Страница 40 из 42
Смердяков предлагает своему бывшему господину не что иное, как возвращение к тому положению дел, которое, согласно Гегелю, предпосылается господству/прислуживанию. Раб, став свободным, — хочет сказать читателям Достоевский, — с неизбежностью возрождает смертоносные поединки, вновь готов жертвовать собой, не продвигается вперед, но откатывается назад, и единственный, кто не заинтересован в этой инволюции, есть господин, оставивший свою «смелость» в прошлом. Гегелевский «Абсолютный Дух» становится в прозвище-фамилии слуги у Достоевского дурным запахом (разумеется, такое «снижение» словесного значения возможно лишь на основе русского перевода названия «Феноменологии…»; немецкое «Geist» не колеблется между семантическими полюсами «идеальное»/«обоняемое»[329]).

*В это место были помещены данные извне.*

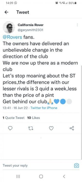 I think this sort of attitude is not only rife but its potentially dangerous as its justification for the powers that be to keep season ticket prices stupidly high. Clearly someone financially stable (and perhaps not fully in touch with the economic situation of Blackburn whilst living in California in this instance) showing a lack of empathy and understanding. People with a superfan mentality implying that its down to backing the club or the manager. Also, a bit premature with the "unbelievable change" and "modern club" narrative.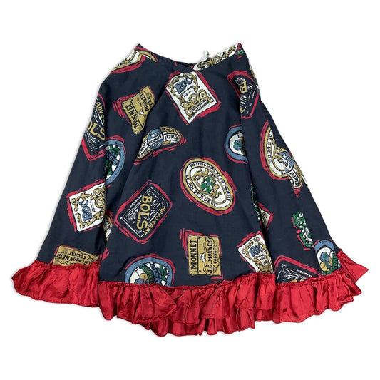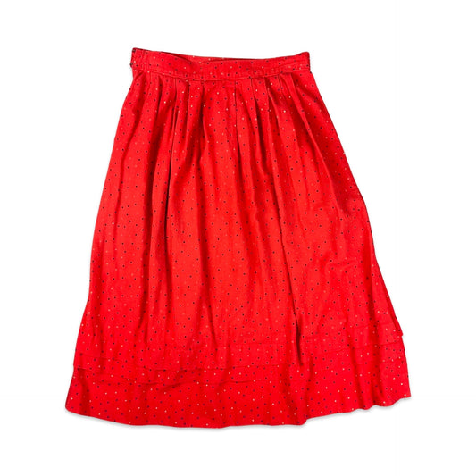 Vintage Navy & Red Novelty Print A-line Midi Skirt 10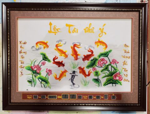 lịch vạn niên tranh thêu- Vạn sự hanh thông – Cửu ngư quần tụ, đèn led- DH2017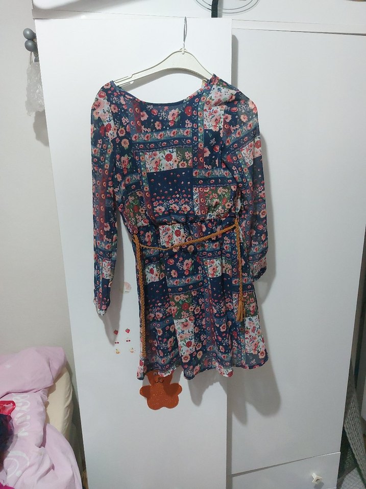 Çok renkli koyu çiçek desenli, kemerli, uzun kollu, yuvarlak yaka, bol kesim kız elbisesi.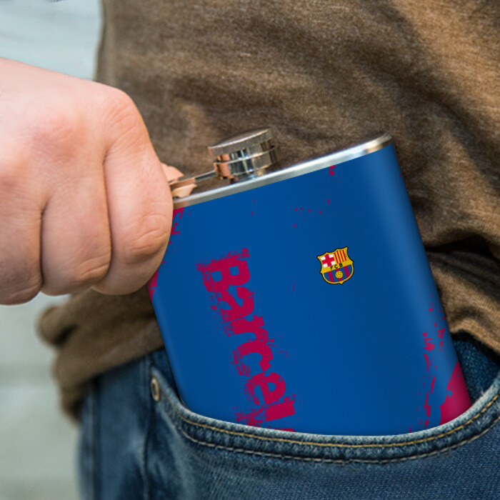 Металлическая фляжка с откручивающейся крышкой, которая имеет дополнительное крепление, так что не будет теряться. Принт наносится на специальную виниловую наклейку, которая покрывает боковые поверхности. Можно заказать со своим дизайном.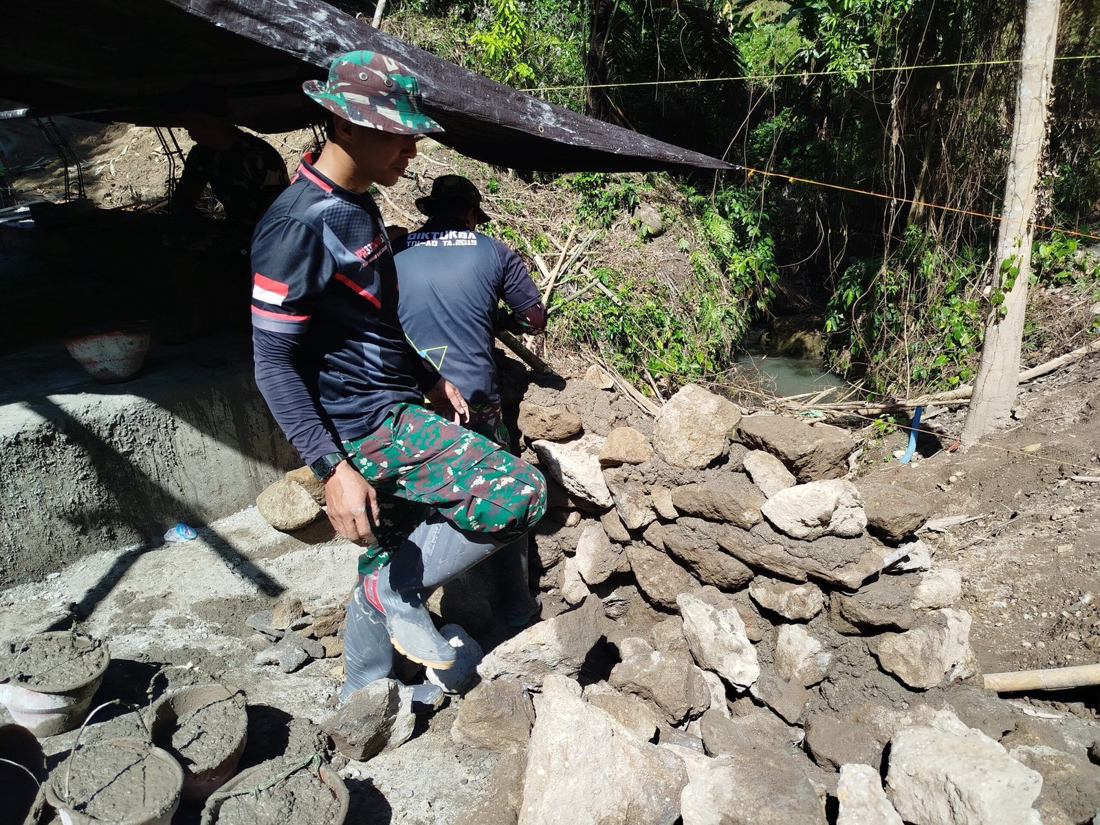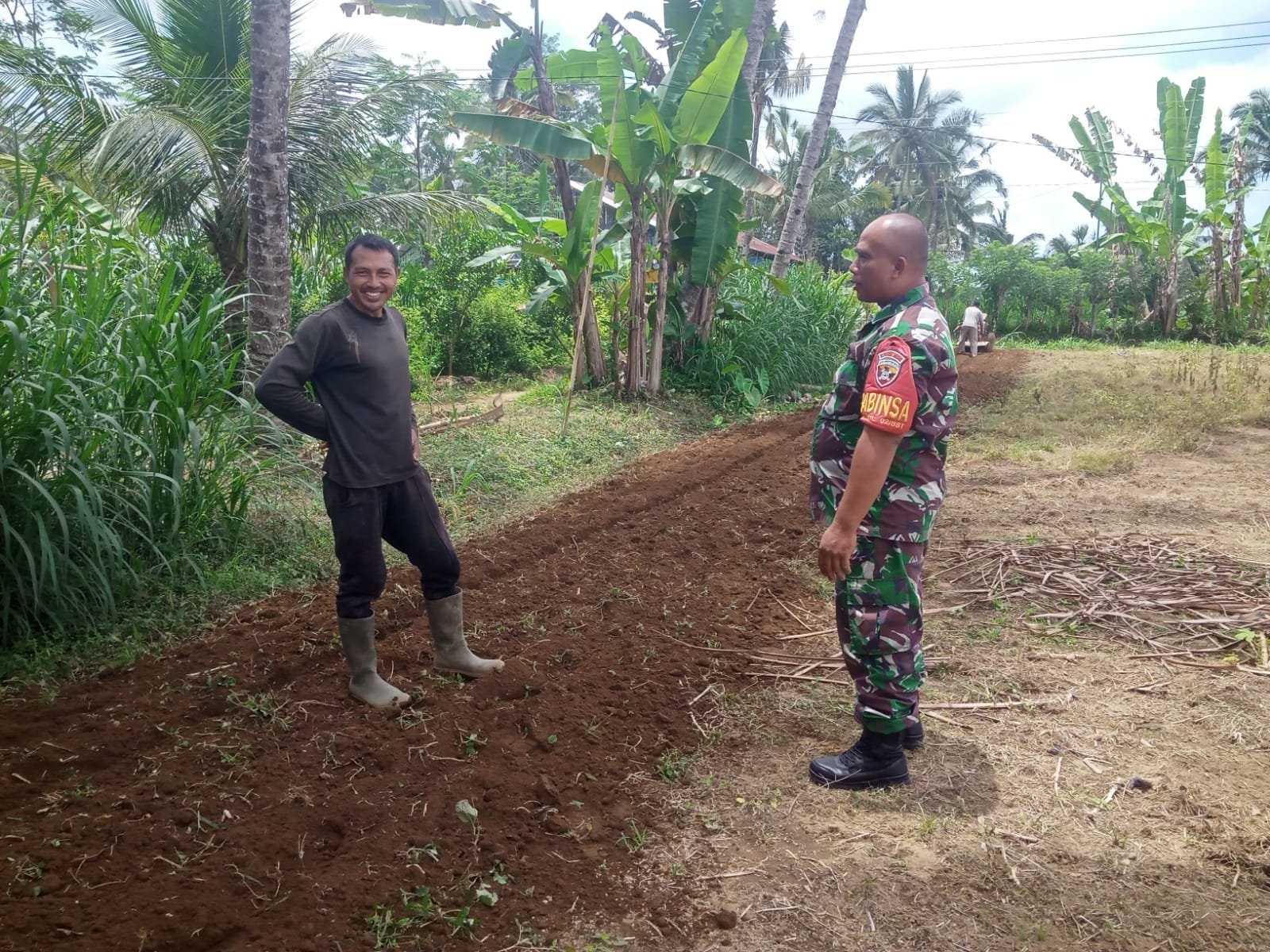 Babinsa dan Bhabinkamtibmas Desa Tiga Pantau Pengerjaan Rabat Beton Jalan Usaha Tani

Можно было бы подумать, что Достоевский, черпая из Гегеля, персонифицирует на сугубо литературный манер отрицаемые им абстрактные философские идеи. Дело, однако, в том, что в самой «Феноменологии…» отвлеченное предстает в форме прозопопеи, в некоем подобии литературного изложения, в виде исторической драмы, разыгрываемой «слугой» и «господином» (всегдашними театральными персонажами). Возражая Гегелю, Достоевский не соглашается, помимо всего прочего, с философией, инфицированной литературностью, с эстетизированным мышлением, с формулой: «Der Geist ist Künstler»[330] [подчеркнуто[331] Гегелем. — И. С.].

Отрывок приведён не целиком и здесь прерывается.